In general, the most likely places unique and beautiful rocks are:
- Places where water meets the land (like ocean beaches, river banks, shallow creek beds)
- In the dirt that was dug up from major construction projects (home foundations, roads, ponds, irrigation)
- Rocky areas (rocky cliffs, gravel bars/bed, ridges, etc)
Even if you don’t have something specific in mind, if you go to one of these types of places, you’ll definitely find something of interest to add to your budding rock collection.
Not sure where to go?
Aside from the ocean beaches which are obvious and easy to find, you can venture out to places where you would normally engage in outdoor activities like hiking, frisbee golf, kayaking, backpacking, and camping, and actively look for rocky areas to scour for rocks.
Just figure out where people in your vicinity go to do outdoor stuff, and then check it out.
Or take a look at the map and look for anything that looks like public green space, and again, check it out. Explore.
Half the fun of rockhounding is just getting outside and tromping around.
But let’s say that after your research, you’ve got a specific kind of rock that you want to find and bring home with you.
In general, you’ll be able to quickly identify well-known rockhounding spots for that particular kind of specimen by doing a quick search for your location and that specimen.
As you do your research, you’ll also be making sure that the places you choose to go are places where it is legal to be present on, to hunt for specimens, and also to take items back with you (and how much).
There are some places you can’t collect rocks (National Parks like Zion, as an example).
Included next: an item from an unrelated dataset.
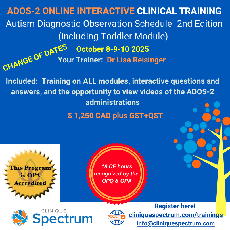 Included: Training on ALL modules, interactive questions and answers, and the opportunity to view videos of the ADOS-2 administration

Make sure you are sure it’s legal before you take anything home with you.
Question #3: What do I need to do my hunt once I am at the location?
Answering Questions 1 and 2 Will Help Answer 3.
Once you know what you are hunting and where you are going to be hunting it, you’ll be able to figure out what you’ll need to take with you.
For example, if you are planning on going to the beach to look for agates, jasper, shells, fossils, and petrified wood, then the likely items you will want to take with you are:
- A bucket or bag for your rocks
- Weather appropriate clothing
If you are planning on heading out to the local river and hiking along the shores (and in the water), then the likely items you might want to bring are:
- A small to medium daypack
- Water sandals or knee high boots
- Trekking poles or a walking stick (for balance in swift water)
- Sunglasses (to reduce glare and so you can see the rocks through the water)
- Weather appropriate clothing
If you are planning a more forest/mountain hike and planning on hunting established rock beds for thundereggs, quartz, and petrified wood, the likely items you might want to bring are:
- Medium to large sized backpack
- Thick gloves
- Goggles to shield your eyes
- Knee Pads
- Geologist Pick, a hammer, chisels
- Close toed shoes
- Water (for drinking and also for cleaning off rocks to get a better look at them)
- Weather appropriate clothing
If you need links to any of the above mentioned tools, we’ve assembled a master list with quick links to Amazon so you can see what tool we are talking about and check out the specs in our articles, Rockhounding Tools for Beginners: A Getting Started Guide and The Ultimate Rockhounding Gift Buying Guide.
This certainly isn’t EVERYTHING you could or would bring with you.
After all, the packing list is going to depend heavily upon whether the mineral you want to bring home with you can be collected from the surface, or if you need to dig it from the ground, or if you need to carve it out of a stone wall.
Make Common Sense Preparation A Priority As You Figure Out How To Go Rockhounding
In general, I also recommend that if you are headed to go rockhounding well out into the woods or far from an urban area that you do the following:
- Take a map (not on your phone or electronic device)
- Tell someone where you are going and then GO THERE and not somewhere else
- Tell someone when you plan to be home
- Take off with a full tank of gas
- Take extra food and water
Everyone (from beginner to expert) makes mistakes, gets lost, or has a run of bad luck.
But taking a little extra time to do some common sense preparation can make the difference between a fond memory and a devastating disaster.